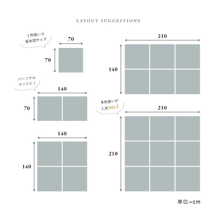 お部屋の雰囲気や使用シーンに合わせて組み合わせ自由自在な置き畳です。フローリングに置くだけでくつろぎのスペースに。
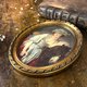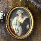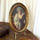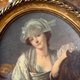 這件作品雖然是近代工藝品,但它其經典藝術氛圍令人驚豔。此近代複製工藝,以精緻印刷貼合於纖維板基材,再以特殊清漆模擬油畫筆觸紋理,完美重現了十八世紀的金色浮雕橢圓形畫框細節,整體展現出無可挑剔的法式沙龍復古風格。
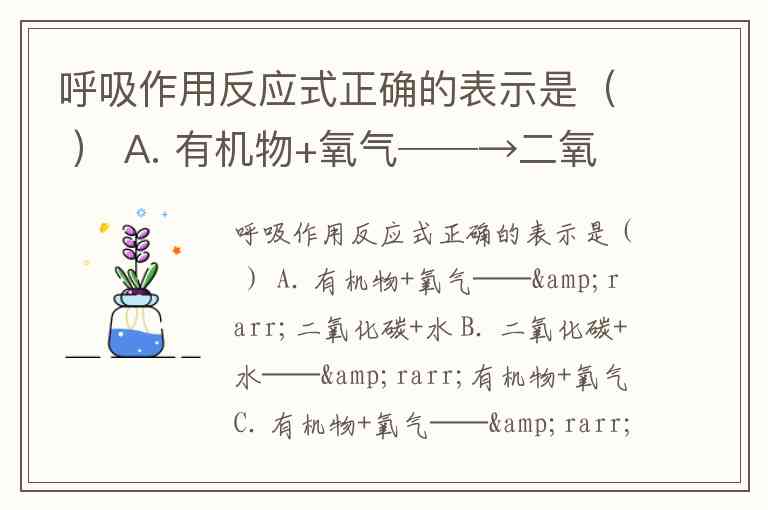呼吸作用反应式正确的表示是( ) A. 有机物+氧气──→二氧化碳+水 B. 二氧化碳+水──→有机物+氧气 C. 有机物+氧气──→二氧化碳+水+能量 D. 水+二氧化碳──→淀粉+氧气+能量
# # # # #
=== Exercise brief ===
Your copy of the listing should match it exactly, apart from the pictures, which are left out.

=== Solution for this exercise ===
 お部屋の雰囲気や使用シーンに合わせて組み合わせ自由自在な置き畳です。フローリングに置くだけでくつろぎのスペースに。
 這件作品雖然是近代工藝品,但它其經典藝術氛圍令人驚豔。此近代複製工藝,以精緻印刷貼合於纖維板基材,再以特殊清漆模擬油畫筆觸紋理,完美重現了十八世紀的金色浮雕橢圓形畫框細節,整體展現出無可挑剔的法式沙龍復古風格。
呼吸作用反应式正确的表示是( ) A. 有机物+氧气──→二氧化碳+水 B. 二氧化碳+水──→有机物+氧气 C. 有机物+氧气──→二氧化碳+水+能量 D. 水+二氧化碳──→淀粉+氧气+能量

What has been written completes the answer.